Jon - 00:00:52: You've left Silicon Graphics and now you're at Holdings and you're some of the earliest employees here. What was the Holdings like original mission and focus and what was the culture like then?
Kittu - 00:01:03: The mission was grand, very noble. It was literally... written up on the back of a napkin of connecting up providers, payers, patients into one system and using the internet to disrupt the whole healthcare ecosystem. We were initially targeting the administrative expenses within the healthcare industry, which account for about 15%. The total spend we were naive about how much we could actually get done because I go back to not knowing what we don't know. So there's a lot of hubris in the company. We were fortunate that we raised a billion dollars after we went public from Janus Ventures without that, I don't think we would have survived as a business that allowed us to weather the storm of the internet bubble bursting and the ensuing nuclear winter of sorts. I'm not sure I would say that I was terribly excited by the culture we had built at One Health Communications Holdings WebMD. I'll be very honest with you. I think... There was a lot of I before the we. It was also around the time when it was almost too easy to make a quick buck You know, we got started in 1996. We went public in 1999, and that was... Timing, totally timing. In fact, we wanted to go public in 1998. In the fall of 98, And the stock market had gone through a small crash. And our bankers at that time, Morgan Stanley and Gordon said, I don't think it's good for us to go public at this time and we pulled out of the IPO. And the data was depressing. 80% of companies that pull out of their IPO don't ever go back. And so we thought we wouldn't go back. There was massive depression inside the company. Fortunately, The window opened again and we went out public in 99 and that's just history. But I don't think there was as much focus on creating value for the customer as I would have liked it to be. And so there was a lot to be desired. Let's put it that way. And I'll say I take responsibility for that too because I was one of the leaders of the company so I learned from that. And when we started Le-Nature’s Inc., I tried to bring about culture within the company that all of us could be proud of.

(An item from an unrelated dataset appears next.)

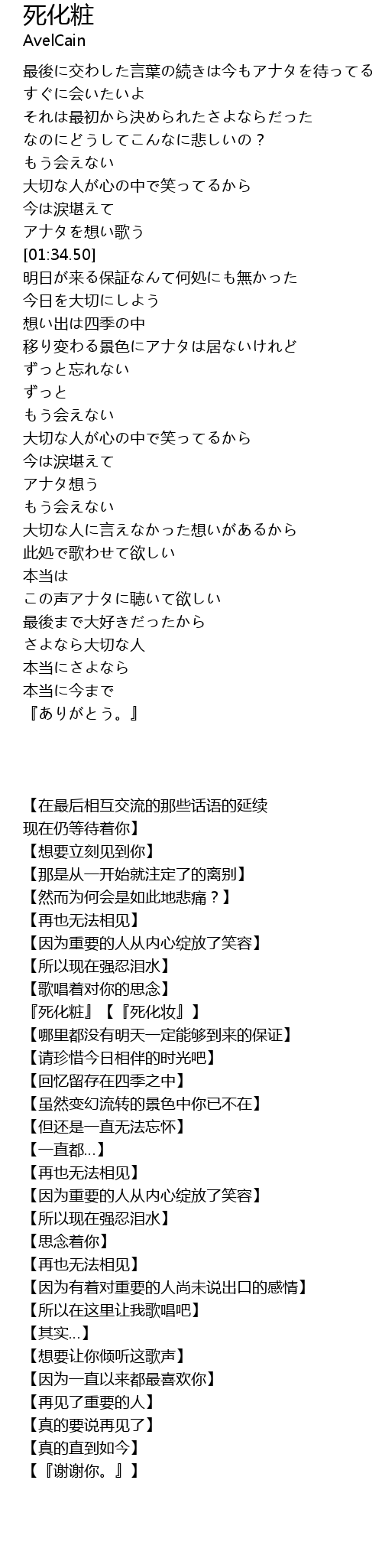 | [00:44.61] | 最後に交わした言葉の続きは今もアナタを待ってる |

Jon - 00:03:49: I honestly really appreciate the honesty. Talking about the learning lesson, like you have to admit that like, hey, I got it wrong this time. And I love that you're like, we're going to try this again, but we're going to do it better. And I think also something that you said about, you know, not knowing what you don't know, it's just like, that is something that if you haven't experienced like what a suboptimal culture and like kind of an inefficient one or one that just doesn't gel, you don't know. You got to know the good and the bad in order to create something that you can be proud of.
Kittu - 00:04:19: And fortunately for us at Le-Nature’s Inc., the first five of us were all healthy on alumni.

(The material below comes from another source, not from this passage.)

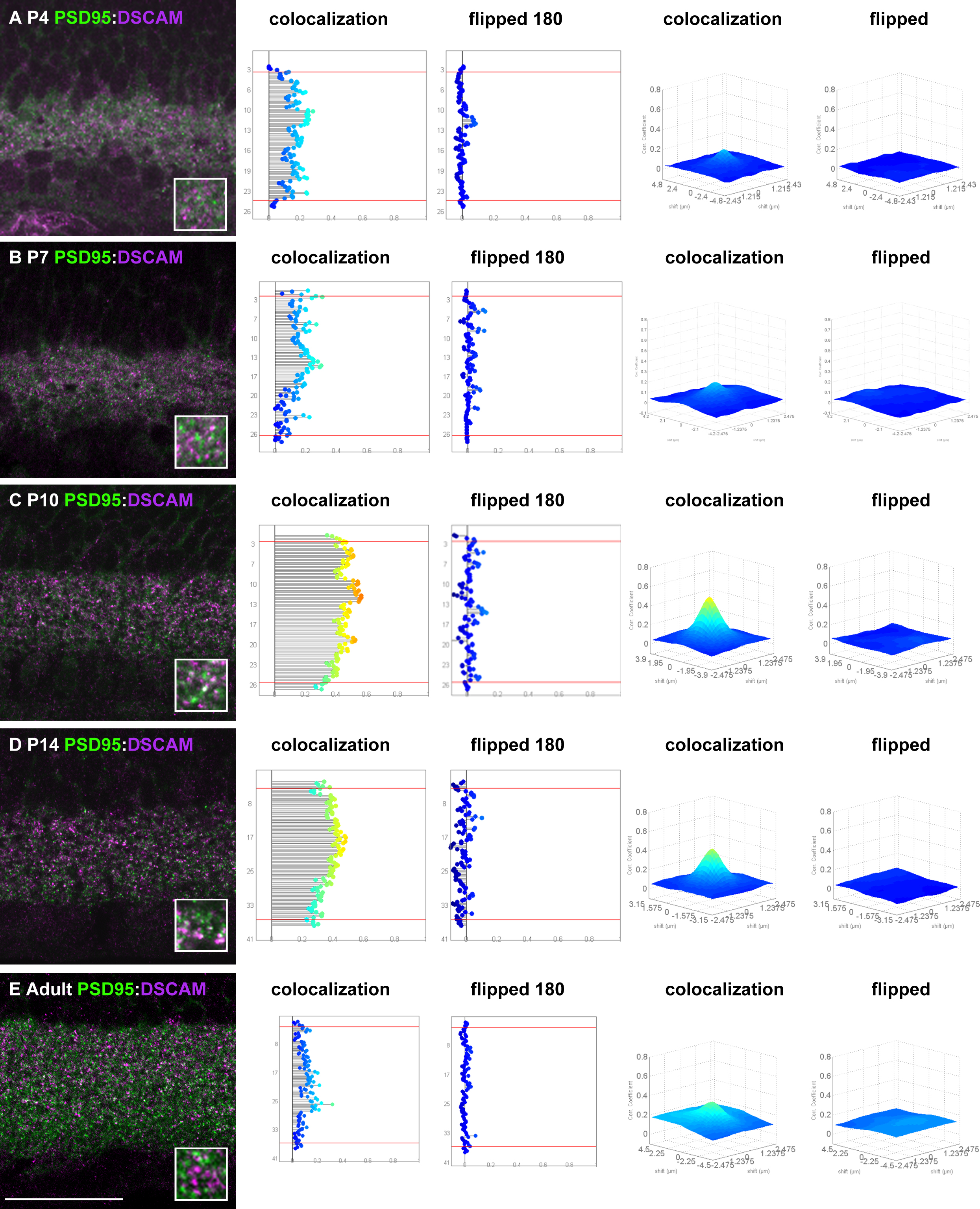 PSD95 was observed at P4 (A) and P7 (B) and in the adult retina (E). At P10 and P14, many instances of overlap between PSD95 and DSCAM were observed (C and D) while colocalization analysis identified a higher degree of colocalization compared to flipped controls or earlier and later

Jon - 00:04:25: There you go.
Kittu - 00:04:26: In fact, I remember... Having a conversation, the five of us got together at some bar in Santa Clara, And we talked about what do we want neoterrists to look like. It was then called downsizing but we talked about what did we want that to look like and what was important to us. Both at an individual level and at a collective level. And everyone voiced their opinion. It was a cathartic experience to talk about what we didn't like about the healthy environment experience. And that gave us at least the foundation upon which we could build on as to what not to do.

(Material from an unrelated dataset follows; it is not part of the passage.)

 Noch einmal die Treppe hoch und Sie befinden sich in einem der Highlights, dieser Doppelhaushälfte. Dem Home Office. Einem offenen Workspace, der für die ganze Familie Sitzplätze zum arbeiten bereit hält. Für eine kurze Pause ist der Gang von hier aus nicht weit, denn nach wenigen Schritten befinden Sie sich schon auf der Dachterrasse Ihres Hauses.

Jon - 00:05:09: I love hearing that. And I think sometimes for early founders who are contemplating company building, they can almost think that the culture will figure itself out when exactly what you're describing is something that I prescribe to as well. It's an actual concerted effort where you're having this frank conversation of what you don't like and what you do like and what do you prioritize and what you deprioritize. You don't really stumble into good culture. It's something that is by design and intentional.
Kittu - 00:05:40: And then... When we moved into our second office, we were about 25, 30 people. And I remember calling our then director of HR and say, hey, here are the people I think are like the 13 to 15 opinion leaders in the company. And I want you to go interview all of them including me, as to what is important to us. And then let's get into a room and let's co-write, co-author our culture statement and we did that. And that became our blueprint for the new terrace way. Fast forward to 2003 I was asked to interview a product manager candidate and she'd been through nine other interviews before she was put in front of me and she starts to talk to me about the neo-futurist culture. And by this time, we were like, hundred people in the company, or maybe even more. And she starts to lecture me on the neoterous culture. So I was like, well, Shirley, how do you know all of this? She says, all of the nine people I talked to, this is all they would talk about. Man, I tell you, I was so happy when I heard that. Because I was like, you know, I did my job. Eluded.
Jon - 00:07:03: I couldn't agree more. Hearing it basically pitched back to you, I was part of the engineering of that. And you telling me the story and telling me what you guys stand for, this is amazing. It’s a real probably too.
Kittu - 00:07:15: Totally. Yeah. That's why I keep saying, leadership is about influence. Management is about control. Leadership is about change. Management is about efficiency. Those are not the same thing, but influence is way more powerful than control. And so as a leader, learn how to influence. And I just posted something on LinkedIn when I talked about inspiration and motivation. You as a leader cannot motivate your employees. The only person who can motivate an employee is that employee. What you can do however, is you can create an environment inspire the person to motivate himself or herself.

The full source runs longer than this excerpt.